Here you will learn what is the formula of sin 2A in terms of sin and cos and also in terms of tan with proof and examples.
Let’s begin –
Sin 2A Formula
(i) In Terms of Cos and Sin :
Sin 2A = 2 sin A cos A
Proof :
We have,
Sin (A + B) = sin A cos B + cos A sin B
Replacing B by A,
\(\implies\) sin 2A = sin A cos A + cos A sin A
\(\implies\) sin 2A = 2 sin A cos A
We can also write above relation in terms of angle A/2, just replace A by A/2, we get
sin A = \(2 sin ({A\over 2}) cos ({A\over 2})\)

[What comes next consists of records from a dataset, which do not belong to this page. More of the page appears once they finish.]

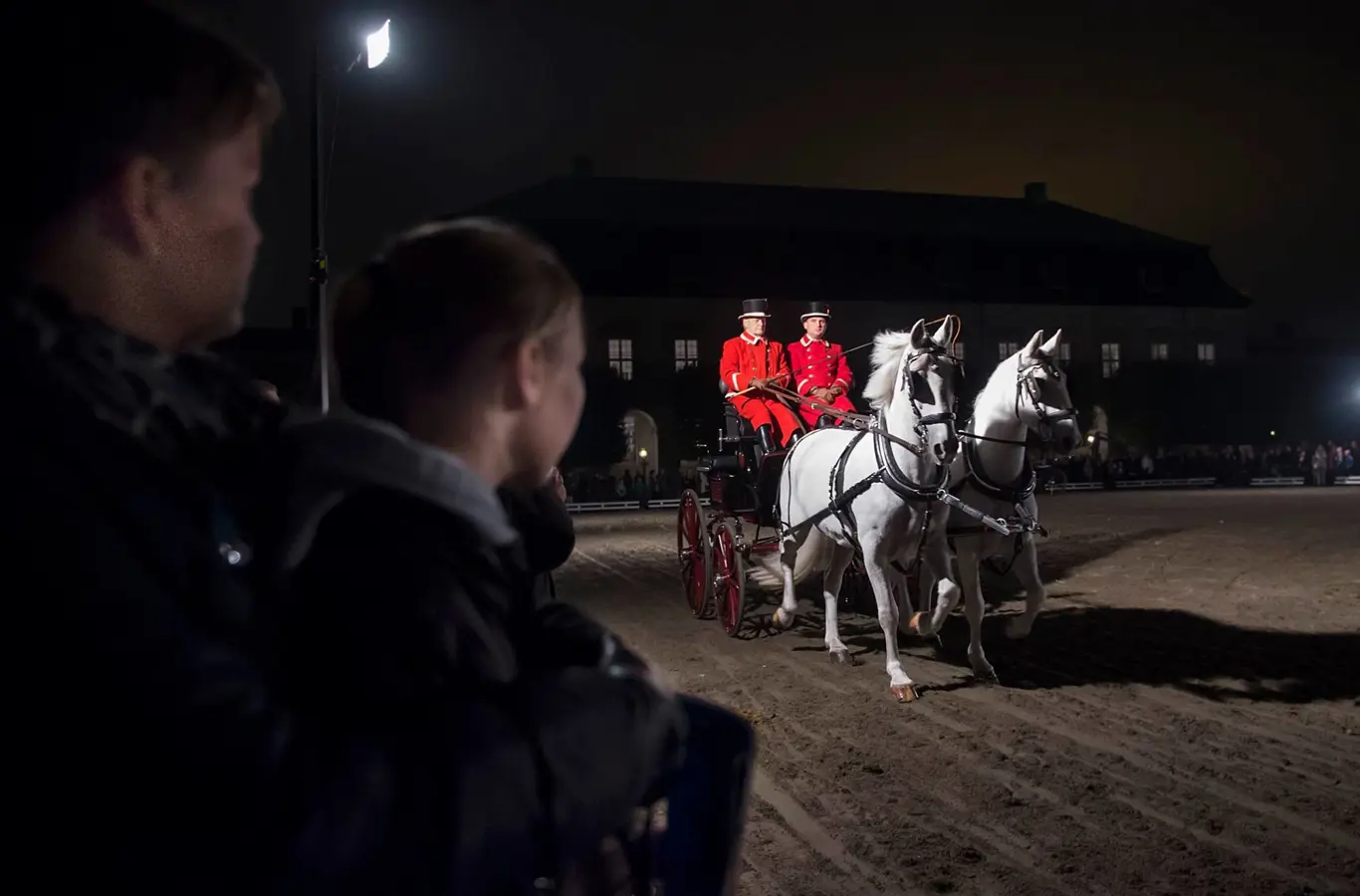 På det oplyste Ridebaneanlæg vil der kl. 19.00 være opvisning med heste og kareter fra De Kongelige Stalde og Gardehusarregimentets Hesteskadron.
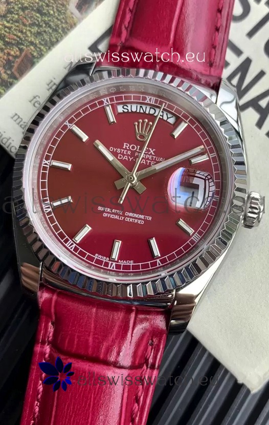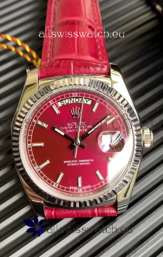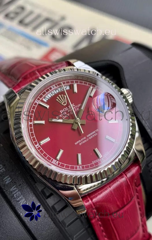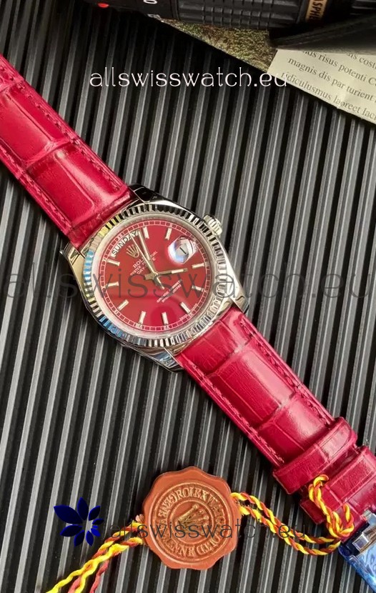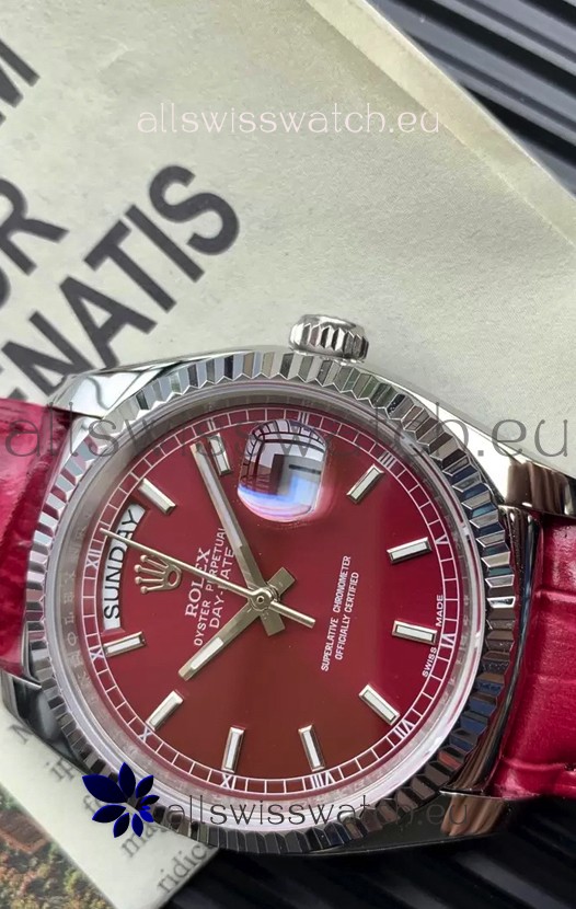 Rolex Day Date 904L Steel Casing Watch in Red Dial 36MM - 1:1 Mirror Quality
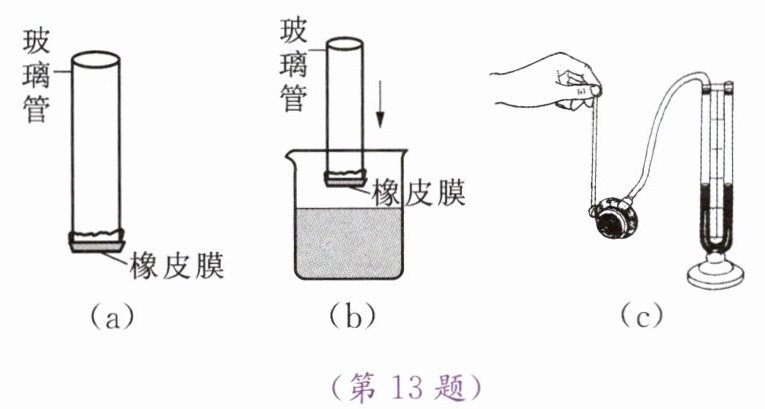 答案:13. 橡皮膜向下凸出 橡皮膜向上凹 (c) 压强计能显示液体内部压强的大小

(ii) Sin 2A Formula in Terms of Tan :
Sin 2A = \(2 tan A\over 1 + tan^2 A\)
Proof :
We have,
sin 2A = 2 sin A cos A
\(\implies\) sin 2A = \(2 sin A cos A\over sin^2 A + cos^2 A\)
[ \(\because\) \(sin^2 A + cos^2 A\) = 1 ]
Now, Dividing numerator and denominator by \(cos^2 A\),
\(\implies\) sin 2A = \({2sin A cos A\over cos^2 A}\over {sin^2 A + cos^2 A\over cos^2 A}\)
\(\implies\) sin 2A = \(2 tan A\over 1 + tan^2 A\)
We can also write above relation in terms of angle A/2, just replace A by A/2, we get
sin A = \(2 tan ({A\over 2})\over 1 + tan^2 ({A\over 2})\)
Example : Find the value of Sin 120 ?
Solution : We Know that sin 60 = \(\sqrt{3}\over 2\) and cos 60 = \(1\over 2\)
By using above formula,
sin 120 = 2 sin 60 cos 60 = 2 \(\times\) \(\sqrt{3}\over 2\) \(\times\) \(1\over 2\)
\(\implies\) sin 120 = \(\sqrt{3}\over 2\)
Example : If sin A = \(3\over 5\), where 0 < A < 90, find the value of sin 2A ?
Solution : We have,
sin A = \(3\over 5\) where 0 < A < 90 degrees
\(\therefore\) \(cos^2 A\) = 1 – \(sin^2 A\)
\(\implies\) cos A = \(\sqrt{1 – sin^2 A}\) = \(\sqrt{1 – {9\over 25}}\) = \(4\over 5\)
By using above formula,
sin 2A = 2 sin A cos A = 2 \(\times\) \(3\over 5\) \(\times\) \(4\over 5\)
\(\implies\) sin 2A = \(24\over 25\)